• [WHAT THE TASK REQUIRES]: Repeat exactly, and only, the lines below starting at the line that contains "Momyknows Apricot Round" and ending at the line that contains "올해 주안도서관 한 책", inclusive of both.

• [DATA UNDER STUDY]:
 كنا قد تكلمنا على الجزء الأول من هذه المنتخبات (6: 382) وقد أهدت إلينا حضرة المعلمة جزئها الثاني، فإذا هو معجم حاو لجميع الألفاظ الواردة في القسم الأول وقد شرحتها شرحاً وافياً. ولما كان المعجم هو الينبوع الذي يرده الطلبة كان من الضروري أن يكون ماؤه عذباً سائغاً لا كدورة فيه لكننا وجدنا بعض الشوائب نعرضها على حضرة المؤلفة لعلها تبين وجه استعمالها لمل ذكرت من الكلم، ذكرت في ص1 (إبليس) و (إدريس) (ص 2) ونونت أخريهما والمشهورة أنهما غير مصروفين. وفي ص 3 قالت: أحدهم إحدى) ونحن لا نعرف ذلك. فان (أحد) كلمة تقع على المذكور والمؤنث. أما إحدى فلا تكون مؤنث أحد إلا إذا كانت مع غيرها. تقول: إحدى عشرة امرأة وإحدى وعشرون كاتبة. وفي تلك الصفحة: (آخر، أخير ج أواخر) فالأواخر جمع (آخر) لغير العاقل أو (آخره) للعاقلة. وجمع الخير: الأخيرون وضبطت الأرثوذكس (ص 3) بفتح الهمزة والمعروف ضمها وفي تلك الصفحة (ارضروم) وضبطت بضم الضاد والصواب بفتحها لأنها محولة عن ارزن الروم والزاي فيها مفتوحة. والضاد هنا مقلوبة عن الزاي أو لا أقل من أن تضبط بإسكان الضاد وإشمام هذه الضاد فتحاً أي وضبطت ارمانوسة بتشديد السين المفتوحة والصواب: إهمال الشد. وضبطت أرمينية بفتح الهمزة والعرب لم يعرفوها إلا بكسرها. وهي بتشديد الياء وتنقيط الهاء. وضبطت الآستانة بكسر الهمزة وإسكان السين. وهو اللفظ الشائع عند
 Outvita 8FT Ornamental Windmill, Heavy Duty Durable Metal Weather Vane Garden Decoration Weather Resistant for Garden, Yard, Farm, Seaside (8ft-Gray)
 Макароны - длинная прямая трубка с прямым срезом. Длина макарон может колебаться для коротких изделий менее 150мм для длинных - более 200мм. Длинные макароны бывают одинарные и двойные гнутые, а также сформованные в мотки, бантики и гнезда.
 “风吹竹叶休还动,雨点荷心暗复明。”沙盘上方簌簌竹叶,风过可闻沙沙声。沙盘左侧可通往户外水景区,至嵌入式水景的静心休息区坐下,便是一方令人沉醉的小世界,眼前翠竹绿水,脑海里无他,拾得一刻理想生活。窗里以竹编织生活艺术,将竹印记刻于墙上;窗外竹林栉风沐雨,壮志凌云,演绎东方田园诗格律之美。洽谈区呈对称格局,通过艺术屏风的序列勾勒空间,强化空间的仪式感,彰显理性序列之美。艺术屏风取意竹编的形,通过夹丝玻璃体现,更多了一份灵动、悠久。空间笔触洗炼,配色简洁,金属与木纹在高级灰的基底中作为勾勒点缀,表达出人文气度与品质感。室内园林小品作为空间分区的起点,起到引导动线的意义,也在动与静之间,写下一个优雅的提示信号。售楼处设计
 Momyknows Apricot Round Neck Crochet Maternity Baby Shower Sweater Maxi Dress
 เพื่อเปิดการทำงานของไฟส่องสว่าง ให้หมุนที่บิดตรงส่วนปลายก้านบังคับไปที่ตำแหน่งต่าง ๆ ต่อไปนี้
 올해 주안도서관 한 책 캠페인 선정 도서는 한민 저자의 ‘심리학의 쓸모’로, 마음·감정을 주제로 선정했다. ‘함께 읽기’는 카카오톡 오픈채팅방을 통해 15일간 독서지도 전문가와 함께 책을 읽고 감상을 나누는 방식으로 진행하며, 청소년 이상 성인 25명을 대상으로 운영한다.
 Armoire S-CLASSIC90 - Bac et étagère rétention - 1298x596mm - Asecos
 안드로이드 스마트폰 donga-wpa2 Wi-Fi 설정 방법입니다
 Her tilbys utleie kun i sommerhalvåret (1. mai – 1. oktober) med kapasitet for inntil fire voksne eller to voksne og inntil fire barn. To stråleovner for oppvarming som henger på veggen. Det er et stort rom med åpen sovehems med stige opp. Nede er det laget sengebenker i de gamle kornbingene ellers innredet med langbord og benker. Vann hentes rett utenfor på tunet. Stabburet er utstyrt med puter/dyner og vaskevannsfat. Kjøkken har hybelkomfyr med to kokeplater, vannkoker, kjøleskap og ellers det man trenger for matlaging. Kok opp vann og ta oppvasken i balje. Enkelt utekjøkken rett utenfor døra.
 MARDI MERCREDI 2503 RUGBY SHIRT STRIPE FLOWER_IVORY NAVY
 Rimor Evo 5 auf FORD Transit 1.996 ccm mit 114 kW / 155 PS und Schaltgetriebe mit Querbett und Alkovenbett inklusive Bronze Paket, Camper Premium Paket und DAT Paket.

• [ANSWER FOR THE TASK]:
 Momyknows Apricot Round Neck Crochet Maternity Baby Shower Sweater Maxi Dress
 เพื่อเปิดการทำงานของไฟส่องสว่าง ให้หมุนที่บิดตรงส่วนปลายก้านบังคับไปที่ตำแหน่งต่าง ๆ ต่อไปนี้
 올해 주안도서관 한 책 캠페인 선정 도서는 한민 저자의 ‘심리학의 쓸모’로, 마음·감정을 주제로 선정했다. ‘함께 읽기’는 카카오톡 오픈채팅방을 통해 15일간 독서지도 전문가와 함께 책을 읽고 감상을 나누는 방식으로 진행하며, 청소년 이상 성인 25명을 대상으로 운영한다.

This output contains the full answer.